Controle Externo da Atividade Policial - No dia 18 de junho, foi realizado o curso de Controle Externo da Atividade Policial. O evento visou discutir e debater as práticas que estão sendo utilizadas em todo o país para a diminuição dos desvios de condutas dentro do exercício da atividade policial. Ministrado por integrantes da Comissão de Planejamento Estratégico do CNMP, do Ministério Público do Distrito Federal e Territórios (MPDFT) e por um especialista em investigação criminal pela Escola Nacional da Magistratura da França, entre outros, o curso foi prestigiado pelo conselheiro e presidente da Comissão de Planejamento Estratégico do CNMP, promotor de Justiça Cláudio Henrique Portela.
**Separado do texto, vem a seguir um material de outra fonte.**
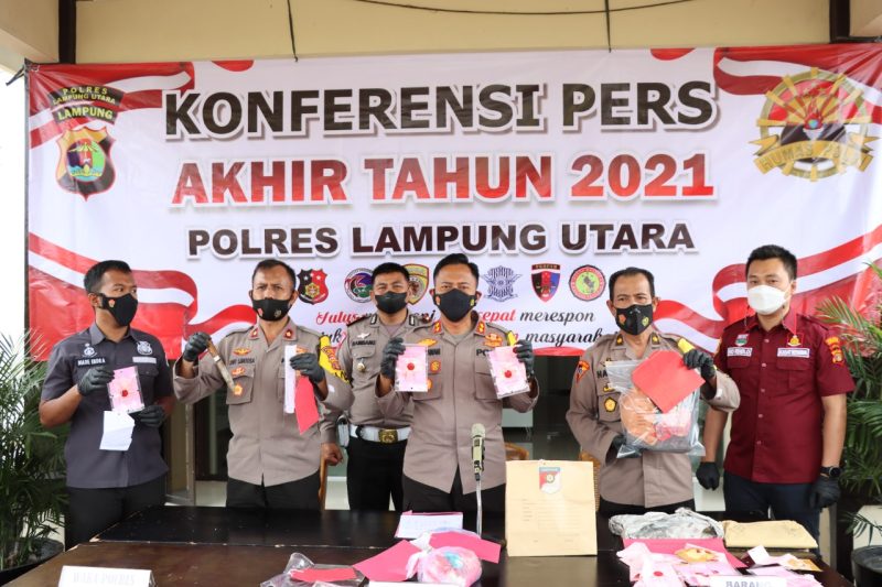 Hal ini disampaikan Kapolres Lampung Utara, AKBP Kurniawan Ismail, dalam konferensi persnya, yang didampingi pejabat utama, di Mako Polres setempat, pada Jumat, 31 Desember 2021.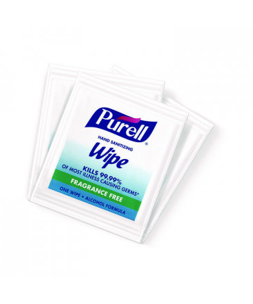 Help your family and those you care for kill germs on their hands with PURELL Hand Sanitizing Wipes. You don't want to think about it, but it's true – illness-causing germs are everywhere – at home, at work, and when you're out and about. We know that life moves fast, and that washing your hands with soap and water is not always an option. Using PURELL hand sanitizing wipes on multiple occasions throughout the day conveniently helps eliminate germs on your hands. PURELL hand sanitizing wipes are proven to kill 99.99 percent of most common germs that may cause illness, without damaging skin. These pre-moistened wipes are soft textured and durable to gently clean up hands. They are also dermatologist tested, providing safe and effective cleaning when soap and water are not available. These individually wrapped hand wipes fit just about anywhere. Put in your pocket or bag. Add to boxed lunches or meal trays, as a caring touch. PURELL hand sanitizing wipes are formulated to be gentle on skin. They are free of harsh preservatives and do not contain dye, triclosan, parabens or phthalates.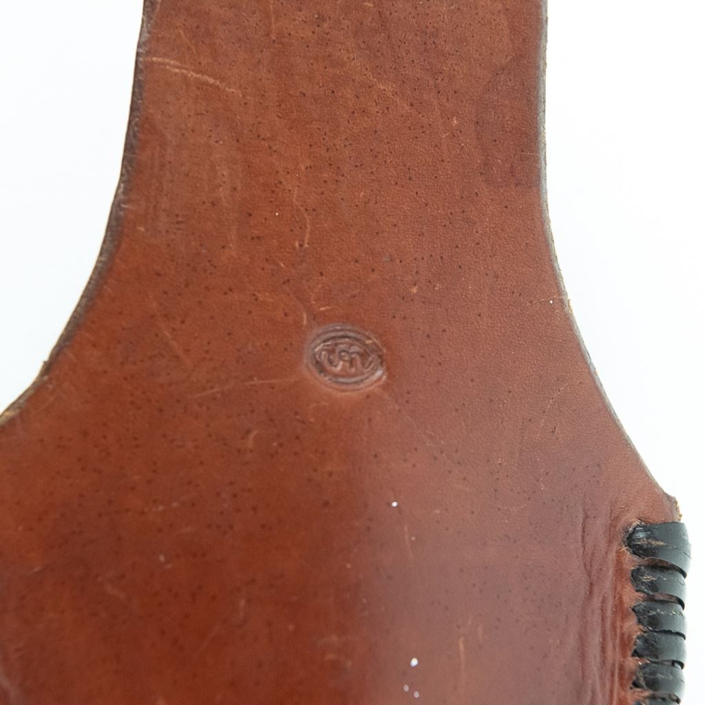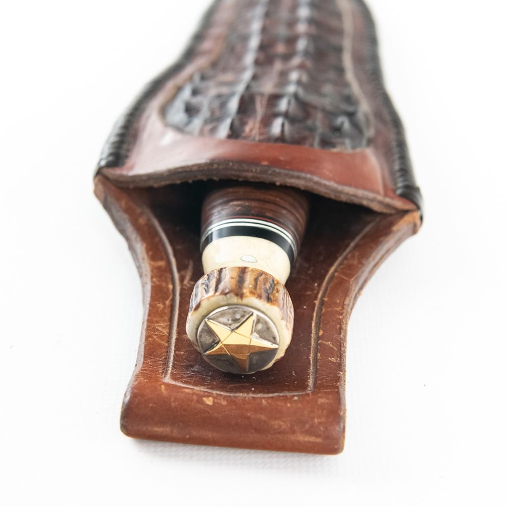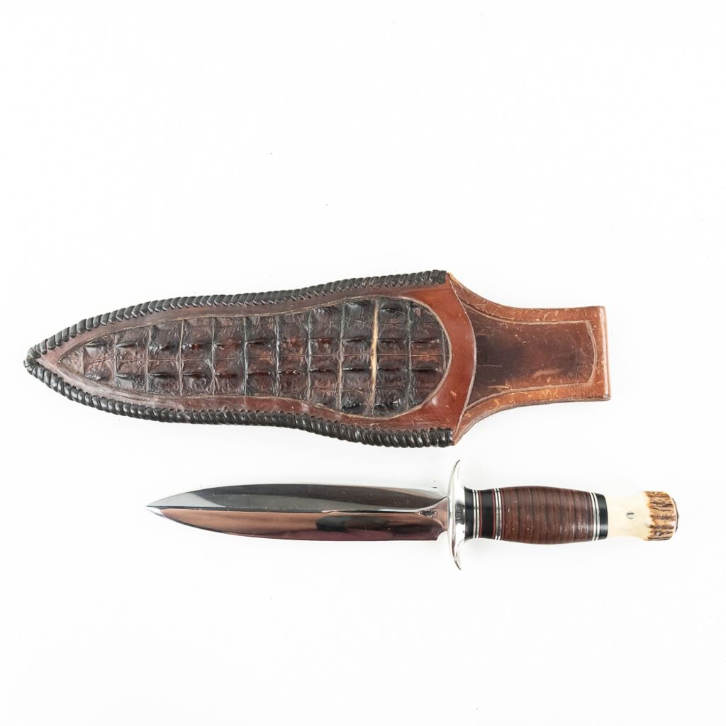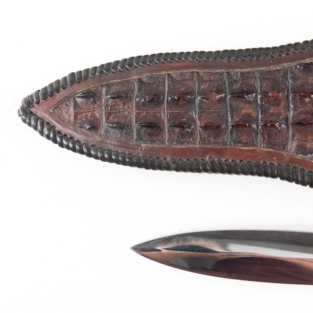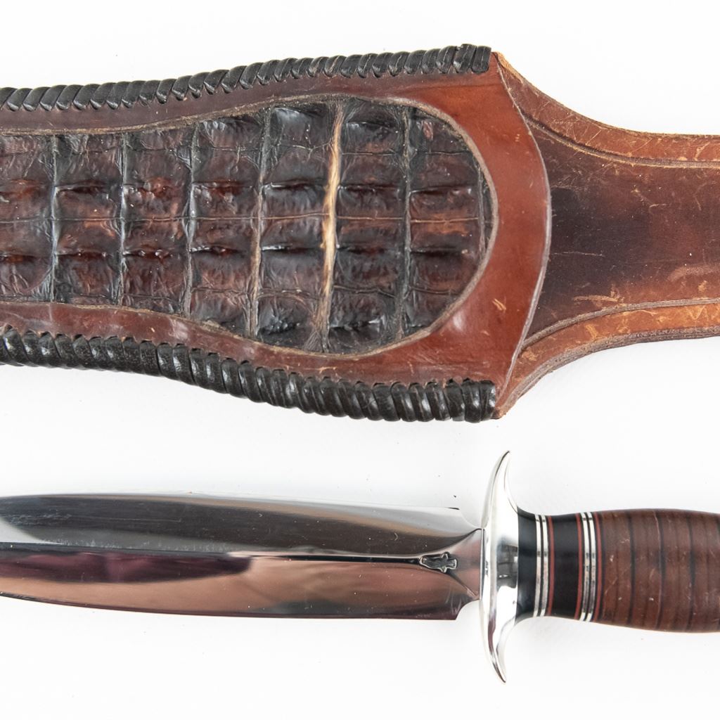 Jerry Van Eizenga "Scagel Fighter" Knife with an alligator skin sheath in excellent condition with VERY minor marks. Made of 5160 carbon steel blade and nickel silver "BLADE" magazine article included.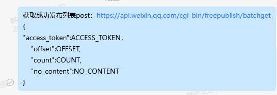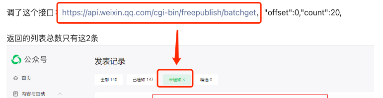 调了这个接口:https://api.weixin.qq.com/cgi-bin/freepublish/batchget,"offset":0,"count":20,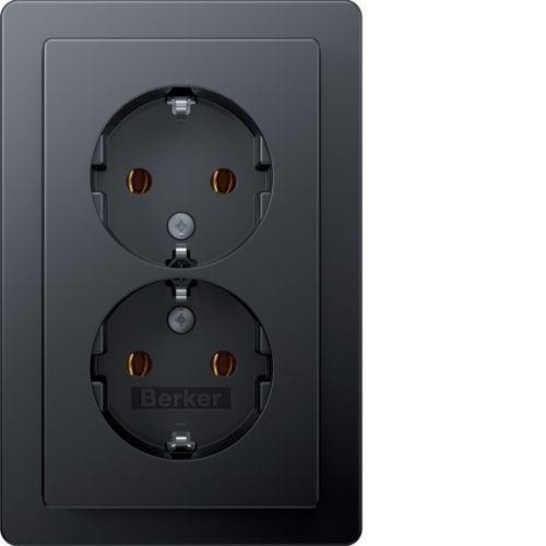 Розетка подвійна HAGER-BERKER з заземлюючим контактом 16А / 250В антрацит Q.1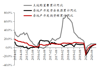房地产开发投资增速的变化主要由供给端和需求端两方面共同决定。其中供给端主要包括土地供给,需求端包括房地产开发资金。从历史数据上看,房地产投资与房地产开发资金、土地购置费具有较明显的一致性,当资金来源和土地购置费增速上升时,投资增速往往也会随之明显出现上升。国家统计局数据显示,2020年,房地产开发资金来源累计同比增长8.1%,土地购置费累计同比增长6.7%,预计2021年房地产开发投资全年同比增速在7%左右。

Ferramentas do Google - O Ceaf promoveu ainda a terceira edição do curso Ferramentas do Google, nos dias 23 e 24 de julho. Tendo em vista o processo de virtualização do Ministério Público e também para tornar a comunicação mais ágil e interativa entre membros e servidores da instituição, foram oferecidas a introdução e a inicialização de ferramentas institucionais com a parceria do Google – Google Drive, Agenda do Google e e-mail – criação de documentos, planilhas, apresentações e desenhos no Google Drive e produção de formulários.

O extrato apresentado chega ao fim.